Hit play on the player above to hear the podcast and follow along with the transcript below. This transcript was automatically generated, and then edited for clarity in its current form. There may be some differences between the audio and the text.

Taylor Wilson:

Good morning. I'm Taylor Wilson. This is 5 Things you need to know Wednesday, the 21st of July 2021. Today, COVID is back out of control. Plus a roadblock to a bipartisan infrastructure bill and more.

Here are some of the top headlines.

  1. The Milwaukee Bucks are NBA champions. Off a 50 point performance from star Giannis Antetokounmpo, the Bucks beat the Phoenix Suns 105 to 98 in game six of the finals, to lift their first trophy in a half century.

  2. The U.S. saw the largest one year drop in life expectancy since World War II during the Coronavirus pandemic. It declined by 1.5 years in 2020 to 77.3, the lowest level since 2003. Hispanic and Black populations saw the largest declines.

  3. Harvey Weinstein has been extradited to California to face more sex crime charges in Los Angeles County. The convicted sex offender and former movie mogul is serving a 23 year prison sentence in New York State for first degree sexual assault and third degree rape. In California, the 69 year old faces 11 felony counts of sexual assault, including forcible rape.

Taylor Wilson:

It was another sparring session between Kentucky Senator, Rand Paul and Dr. Anthony Fauci. The government's top infectious disease expert again appeared before Congress and again, got into a heated discussion with Paul.

Senator Rand Paul:

Dr. Fauci, knowing that it is a crime to lie to Congress, do you wish to retract your statement of May 11th, where you claimed that the NIH never funded Gain-of-function research Wuhan?

Dr. Anthony Fauci:

Senator Paul, I have never lied before the Congress and I do not retract that statement. This paper that you were referring to was judged by qualified staff up and down the chain as not being Gain-of-function. Senator Paul, you do not know what you are talking about, quite frankly, and I want to say that officially, you do not know what you are talking about. It's a dance and you're dancing around this because you're trying to obscure responsibility for 4 million people dying around the world from a pandemic.
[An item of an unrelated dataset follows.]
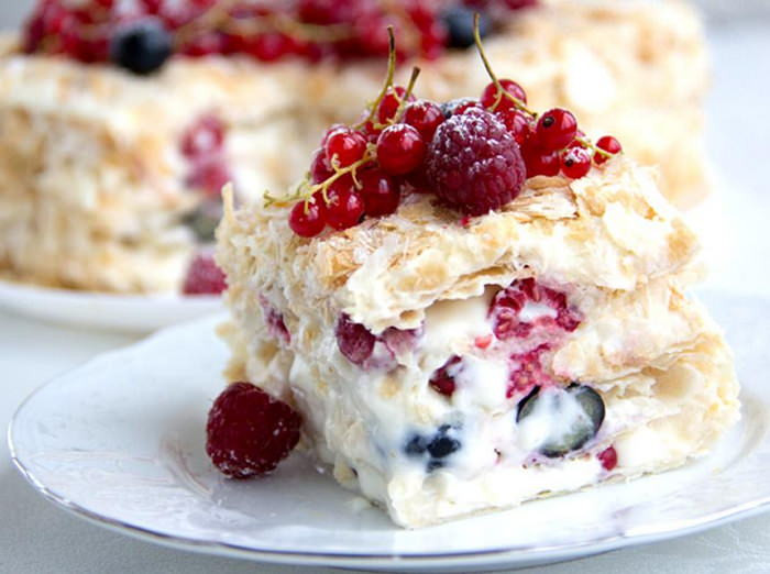 Торт “Наполеон”, любимый десерт многих россиян, готовят из слоеного несладкого теста и пропитывают сладким нежным кремом (заварным, сметанным или из сгущенки с маслом). Получается невероятно вкусное лакомство, которое заслуженно пользуется большим успехом. Дополнительными ингредиентами могут быть кедровые, грецкие орешки, фундук, кешью.

I totally resent the lie that you are now propagating, Senator, because if you look at the viruses that were used in the experiments that were given in the annual reports that were published in the literature, it is molecularly impossible.

Senator Rand Paul:

No one's saying those viruses [crosstalk 00:02:59] caused it.

Dr. Anthony Fauci:

It is molecularly...

Senator Rand Paul:

No one is alleging that those virus caused the pandemic. What we're alleging is, the Gain-of-function research was going on in that lab and NIH funded it.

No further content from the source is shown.